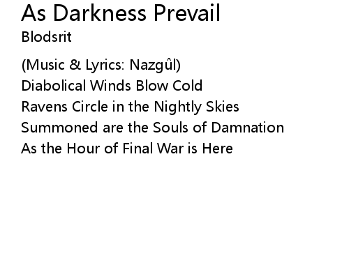 | Song | As Darkness Prevail |
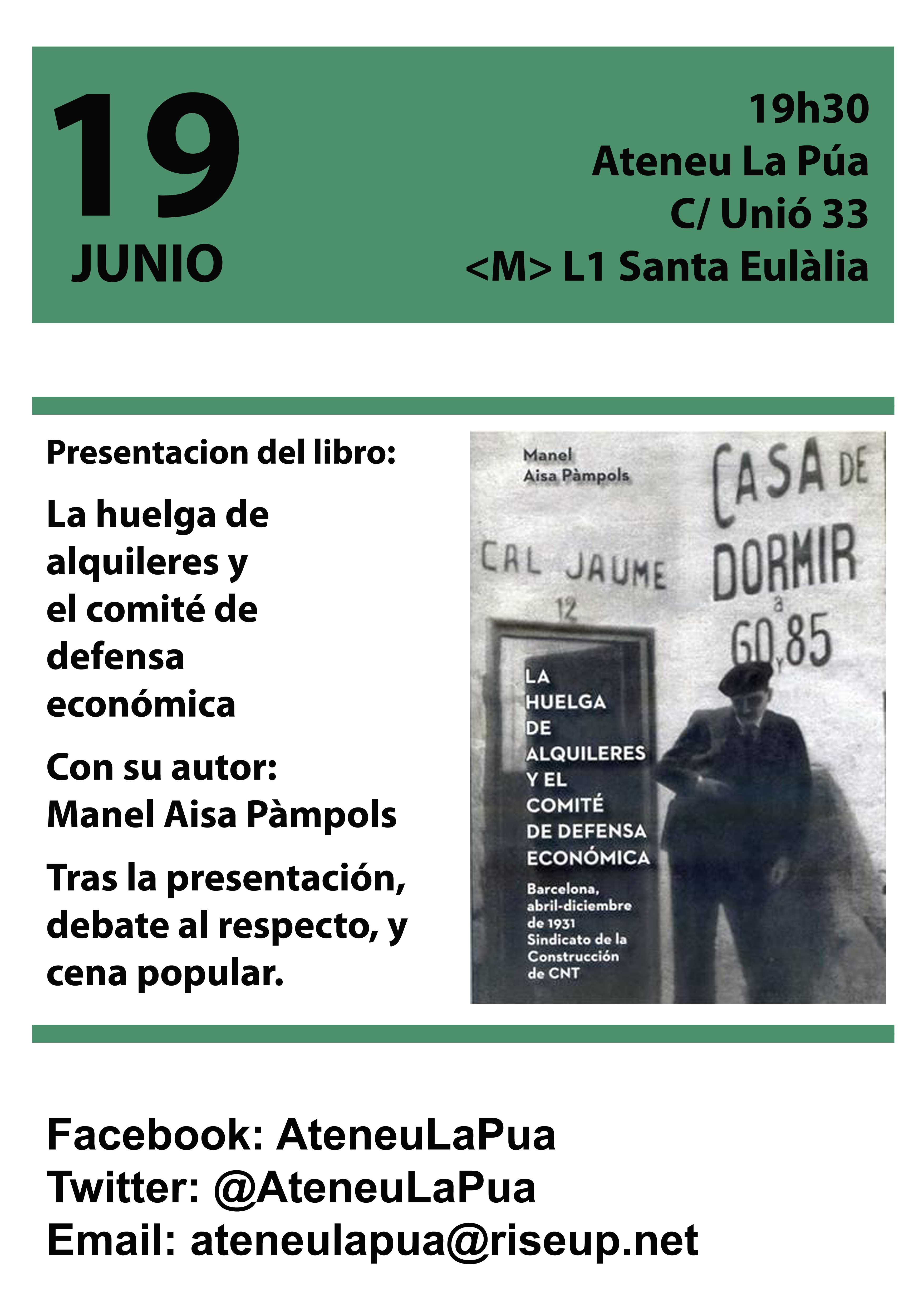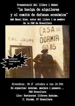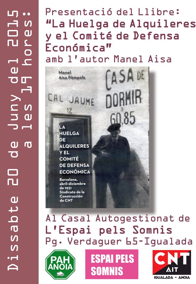 Presentacó Llibre La Huelga de alquileres y el comité de defensa Barcelona abril -diciembre 1931 a Igualada dissabte 20 de juny a les 19 hores lloc casal autogestionat de L`Espai pels Somnis Pg. Verdaguer 65 Igualada
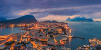 Een weids 2:1 panorama beeld met uitzicht over de stad Ålesund, gelegen in de provincie Møre og Romsdal tijdens de schemering, gezien vanaf het uitkijkpunt op de berg Aksla.
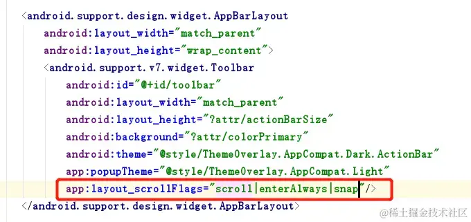 2.3 在Toolbar中添加一个app:layout_scrollFlags属性,并其值指定成了scroll|enterAlways|snap。
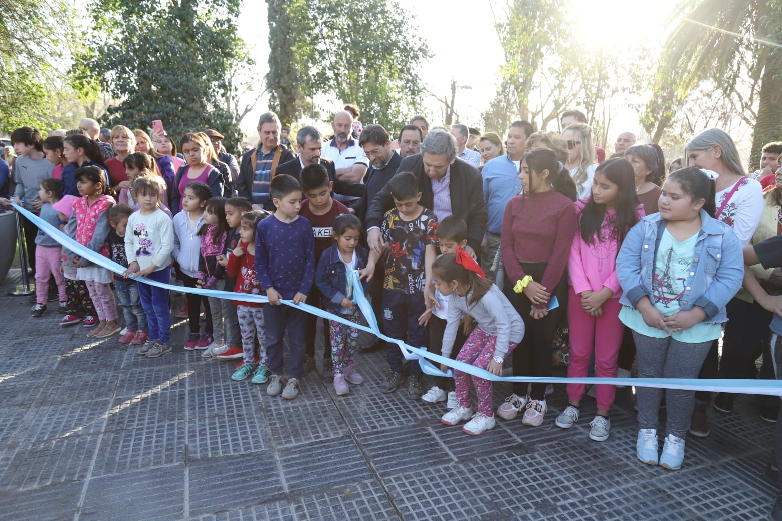 Luego – a pocas cuadras del predio deportivo – el intendente inauguró la renovada plaza José Salas, un histórico espacio de encuentro de Cuadro Nacional y que ahora luce totalmente transformada. Además de las modernas luces led que la iluminan, la plaza tiene juegos infantiles para que disfruten los más peques, un flamante parquizado, riego por aspersión y mobiliario urbano.
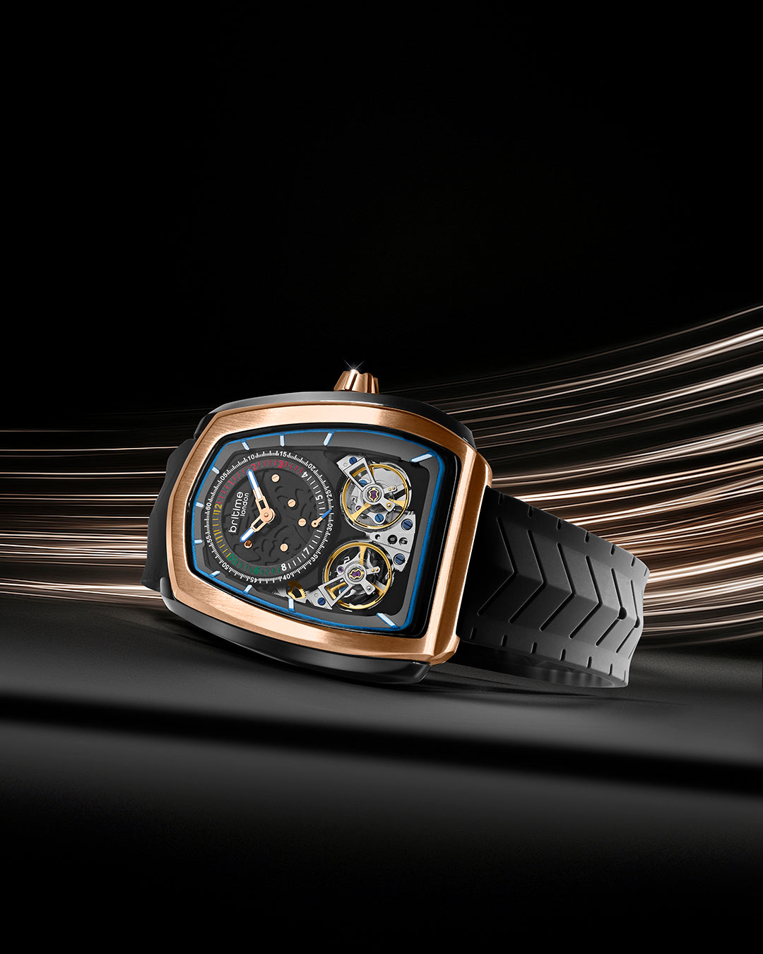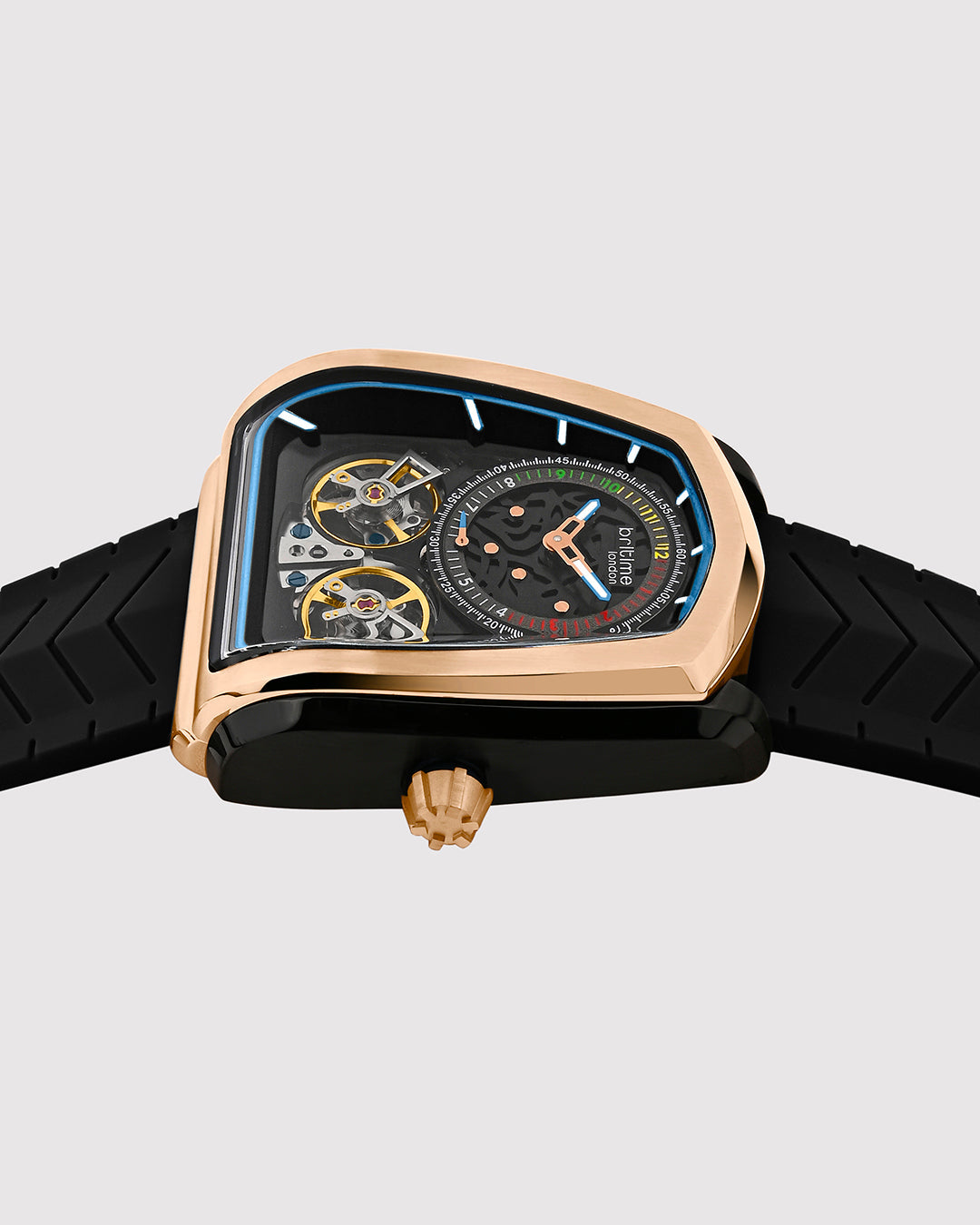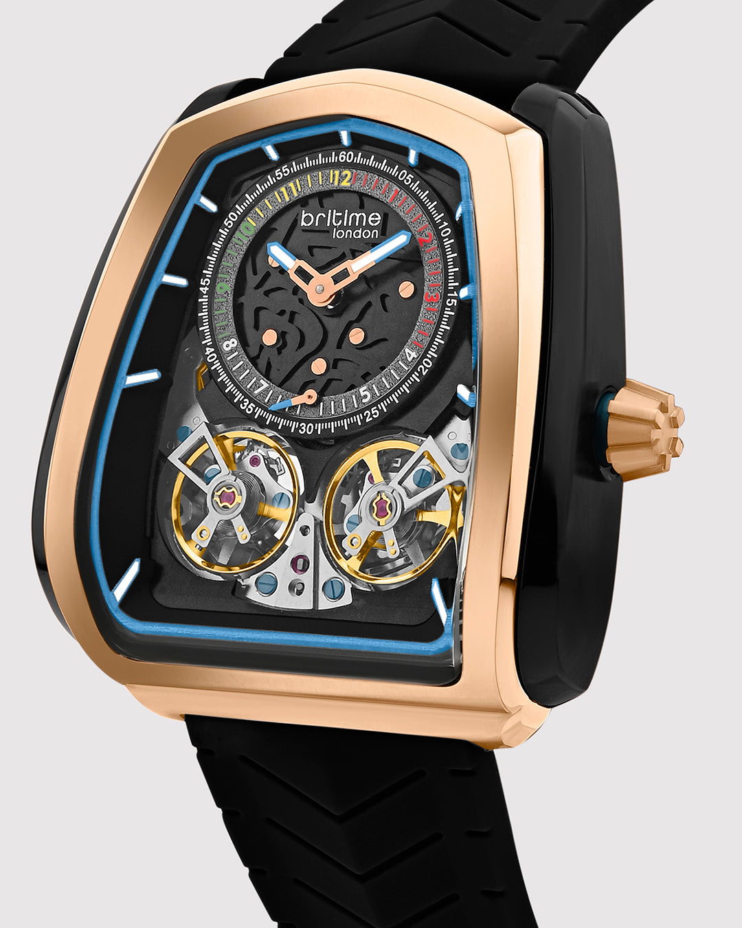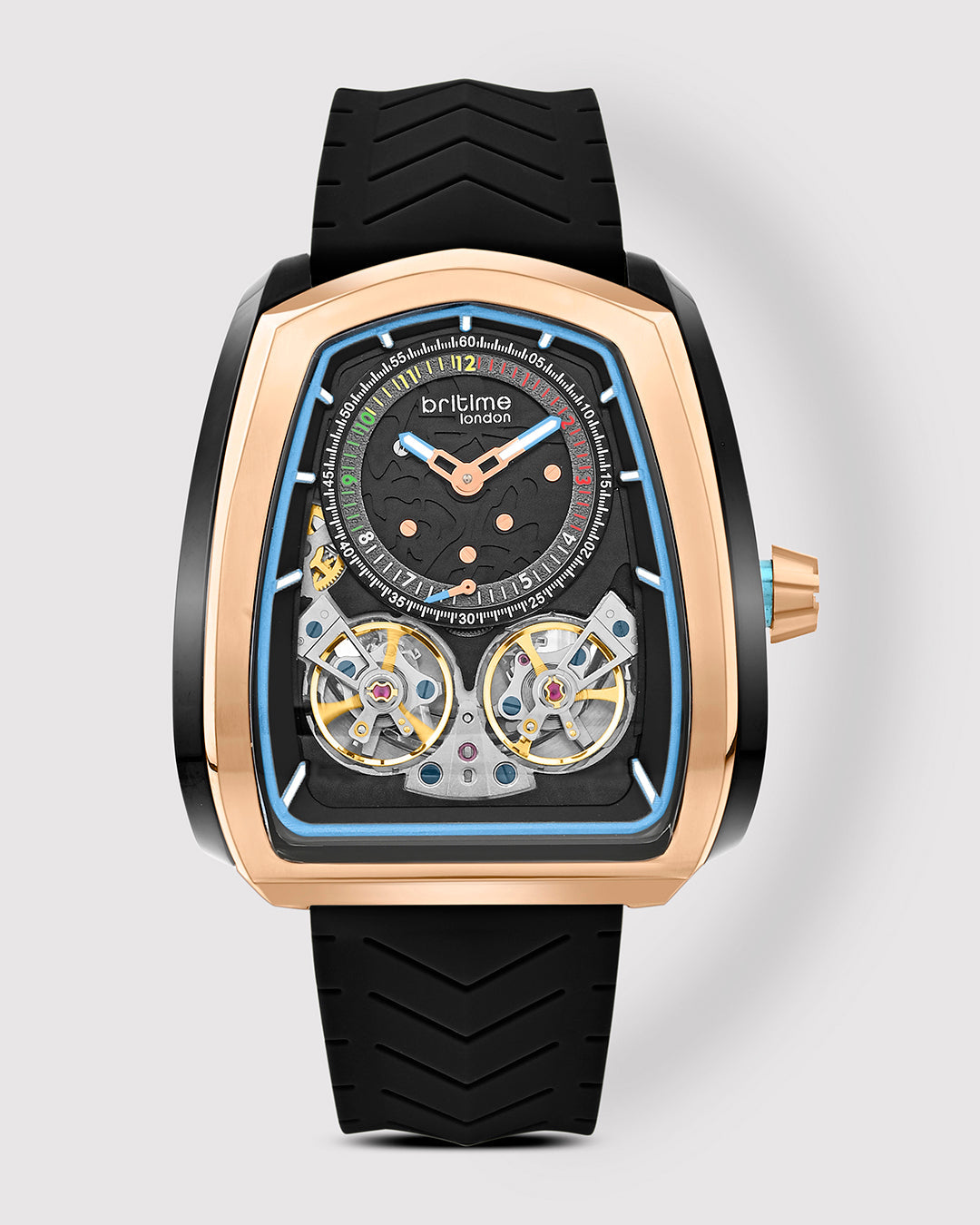The Britime London Aventus Automatic Men’s Watch — Black with Rose Gold (101-P30406) is a powerful statement of modern luxury infused with bold mechanical character. Defined by its signature tonneau-shaped silhouette, the Aventus presents a dramatic architectural dial that puts precision engineering on full display. Dual exposed balance wheels, sculpted bridges, and layered detailing reveal the dynamic heart of its automatic movement, creating a visually striking and technically inspired design.
_____
_WHAT TO DO_.
Your answer must be a verbatim copy of the entries above, with no images included.

_SOLVED PROBLEM_.
 | Song | As Darkness Prevail |
 Presentacó Llibre La Huelga de alquileres y el comité de defensa Barcelona abril -diciembre 1931 a Igualada dissabte 20 de juny a les 19 hores lloc casal autogestionat de L`Espai pels Somnis Pg. Verdaguer 65 Igualada
 Een weids 2:1 panorama beeld met uitzicht over de stad Ålesund, gelegen in de provincie Møre og Romsdal tijdens de schemering, gezien vanaf het uitkijkpunt op de berg Aksla.
 2.3 在Toolbar中添加一个app:layout_scrollFlags属性,并其值指定成了scroll|enterAlways|snap。
 Luego – a pocas cuadras del predio deportivo – el intendente inauguró la renovada plaza José Salas, un histórico espacio de encuentro de Cuadro Nacional y que ahora luce totalmente transformada. Además de las modernas luces led que la iluminan, la plaza tiene juegos infantiles para que disfruten los más peques, un flamante parquizado, riego por aspersión y mobiliario urbano.
The Britime London Aventus Automatic Men’s Watch — Black with Rose Gold (101-P30406) is a powerful statement of modern luxury infused with bold mechanical character. Defined by its signature tonneau-shaped silhouette, the Aventus presents a dramatic architectural dial that puts precision engineering on full display. Dual exposed balance wheels, sculpted bridges, and layered detailing reveal the dynamic heart of its automatic movement, creating a visually striking and technically inspired design.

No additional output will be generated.